Review: All My Friends Hate Me
Starring Tom Stourton, Charly Clive, Georgina Campbell, Antonia Clarke Directed by Andrew Gaynord BFI, out now When Pete is invited to celebrate his birthday with some old university friends in […]
Starring Tom Stourton, Charly Clive, Georgina Campbell, Antonia Clarke Directed by Andrew Gaynord BFI, out now When Pete is invited to celebrate his birthday with some old university friends in […]
Starring Tom Stourton, Charly Clive, Georgina Campbell, Antonia Clarke
Directed by Andrew Gaynord
BFI, out now
When Pete is invited to celebrate his birthday with some old university friends in a remote country house, events appear to take a sinister turn.
When is a horror film not a horror film? That is the question asked by Tom Palmer and Tom Stourton’s perfectly polished script for All My Friends Hate Me.
All the tropes are there. Pete (in what is surely a wry aside to 90s reunion drama Peter’s Friends) has been invited to a remote country house to celebrate his 31st birthday with a group of university chums with whom he has largely lost touch. He gets lost along the way, and struggles to get any sense from an aged and inscrutable local who he egregiously offends. There’s a whimpering mistreated dog. An angry, faceless figure sleeping in a wrecked car. The house is seemingly deserted. The friends exude a strained joviality laced with barely concealed malice. Later there are whispered, indistinct conversations, and a sinister interloper who seems to know a lot more than he should.

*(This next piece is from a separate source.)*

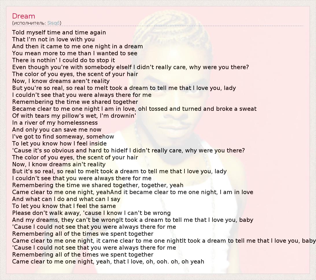 But you're so real, so real to meIt took a dream to tell me that I love you, lady

And there are stories, unspoken history bubbling under the surface, threatening to come for Pete at any moment, not least in his dreams.
Oh yes, and it’s all genuinely funny, wince inducingly so.
It’s everything you dread about reunions and more.
All My Friends Hate Me could so easily be another rather tedious exploration of millennial insecurity and paranoia, and I’ve certainly seen a few stage-plays that have stolen precious hours from my life on this theme, but by harnessing the cinematic grammar of comedy horror it is able to dig a lot deeper into this particular social zeitgeist. If there’s such a thing as a ‘comedy of manners’ then this could equally be called a ‘horror of manners’ – even if ultimately the horrors are richly psychological rather than of the CGI variety.
The ensemble performances are excellent and Andrew Gaynord’s direction is elegant, economical and beautifully paced.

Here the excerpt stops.